By Tim Krochak and Moira Warburton
PORTAPIQUE, Nova Scotia (Reuters) – Canadian police on Thursday worked to piece together the timeline of a shooting spree that started in a rural hamlet in the Atlantic province of Nova Scotia and ended 13 hours later when the gunman, who killed 22 people, was shot dead.
Police set up a tip line and on Thursday encouraged people who had information to call.
“Anything you know – no matter how small or insignificant it might seem – could help us piece the puzzle together,” Darren Campbell of the Nova Scotia Royal Canadian Mounted Police (RCMP), said in a statement.
On Saturday night, police could not track down the gunman, 51-year-old Gabriel Wortman, and only picked up his trail the next day after he had gone on to kill more people, including a veteran Mountie, in the worst mass shooting in the country’s history.
Investigators are now analyzing 16 crime scenes and trying to plot Wortman’s movements overnight and during his flight the following morning.
One of the reasons Wortman may have slipped away is that he was driving a vehicle that looked identical to a RCMP cruiser and he was dressed in an RCMP uniform.
Police have yet to determine the gunman’s motive. On Wednesday, the RCMP faced criticism for poor communication with the public to alert them that an active gunman was on the loose.
A recording between a first responder and dispatcher showed confusion on Saturday night as to whether a suspect had been caught, the Canadian Broadcasting Corporation reported on Thursday.

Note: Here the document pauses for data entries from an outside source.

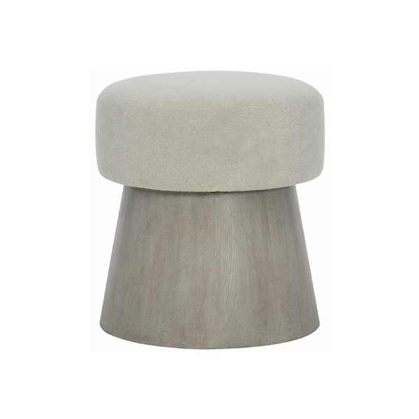 Conical shaped ottoman with upholstered top and Cerused Greige finished base.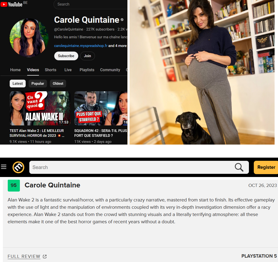 The latest critic score added to Alan Wake 2 is from a site called “Carole Quintaine”. It’s literally a one-woman-show, where she alone runs the site where she sells t-shirts, and a Youtube channel where she uploads videos.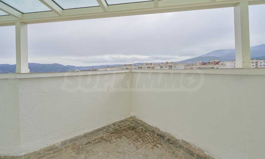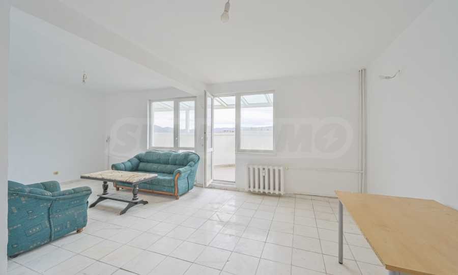 Жилището е ситуирано на последните два етажа в монолитна сграда с отлично поддържани общи части, два асансьора и централно отопление чрез ТЕЦ. Отличава се с функционално разпределение, просторни помещения и изобилие от естествена светлина през целия ден.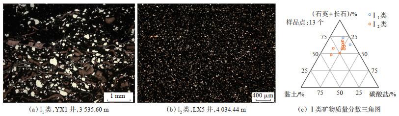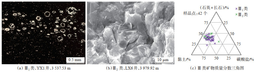 2.2.4 钙质浅水陆棚钙质浅水陆棚分布较少,主要分布在龙一14中部,沉积水体较浅,厚度为3~6 m,微相细分类型为中还原贫有机质钙质浅水陆棚(Ⅳ)。发育钙质硅质混合页岩、黏土质钙质混合页岩及钙质页岩,其中硅质、黏土质、钙质和黄铁矿的平均质量分数分别为38%,34%,26% 和2%,Th/U均值为4.7,以中还原环境为主,TOC质量分数为1.5%,孔隙度为3.4%,含气量为2.45 m3/t。薄片中局部可见粉粒石英、粉晶白云石等顺层分布形成水平亮纹层,与泥质暗色纹层不等厚互层,黄铁矿多呈粉末状分散分布(图 5a,5c)。
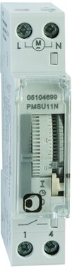 Analog, 24 h Programm, Kanäle: 1. Kontaktart: Schließer, TLE: 1. Verlustleistung: 0,85 W, Ganggenauigkeit: netzsynchron, Betriebsspannung: 230 V AC, Betriebsfrequenz: 50 Hz, Handbedienung, Schutzart: IP30, Montageart: DIN-Schiene, Ohmsch cos phi = 1: 3680 W, Induktiv cos phi = 0,6: 2760 W, Glühlampen: 1000 W, LL-reihenkompensiert: 1400 VA, LL-parallelkompensiert (<,= 7uF): 1x58 W. KLL: 100 W. NV-Halogen: konventionell: 1000 W, elektronisch: 2300 W. Motoren/Lüfter: 1000 W. Schaltgenauigkeit: +/- 5 Min. Schaltschritt: 15 Min. Kürzeste Schaltzeit: 15 Min. Betriebstemperatur: -10°C bis +55°C.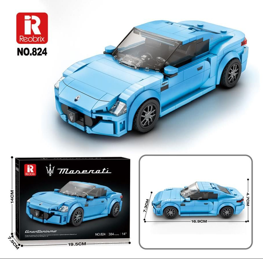 Reobrix 00824 Maserati Sky Blue Sports Car 384pc Construction Set

And during the pursuit on Sunday morning, police officers shot at a firehouse where people who left their homes due to the gunman’s rampage had taken refuge. It is not clear why the shots were fired, according to a provincial civilian police watchdog, because the suspect was not in the area.
No one was injured in the police shooting and the incident is under investigation.

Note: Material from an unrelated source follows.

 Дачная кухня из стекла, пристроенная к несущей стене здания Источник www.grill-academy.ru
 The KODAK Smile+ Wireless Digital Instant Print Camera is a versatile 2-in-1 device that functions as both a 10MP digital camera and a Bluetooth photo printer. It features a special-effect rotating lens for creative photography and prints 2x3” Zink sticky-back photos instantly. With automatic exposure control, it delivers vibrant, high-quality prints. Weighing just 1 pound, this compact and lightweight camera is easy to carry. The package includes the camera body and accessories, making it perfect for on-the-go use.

After three Mounties were killed and two were severely wounded by a gunman in Moncton, New Brunswick, in 2014, the RCMP commissioned an independent review to determine how the situation could have been better managed.
The review recommended the RCMP examine how supervisors are trained to command in critical situations and to enhance training. In 2017, the RCMP said the recommendations had been implemented.
Brian Sauve, president of the National Police Federation, said there still is not enough training.
“One of the challenges in our organization has always been finding the time to do that training, because we’re so short staffed we can’t even afford to have people go on training,” Sauve said.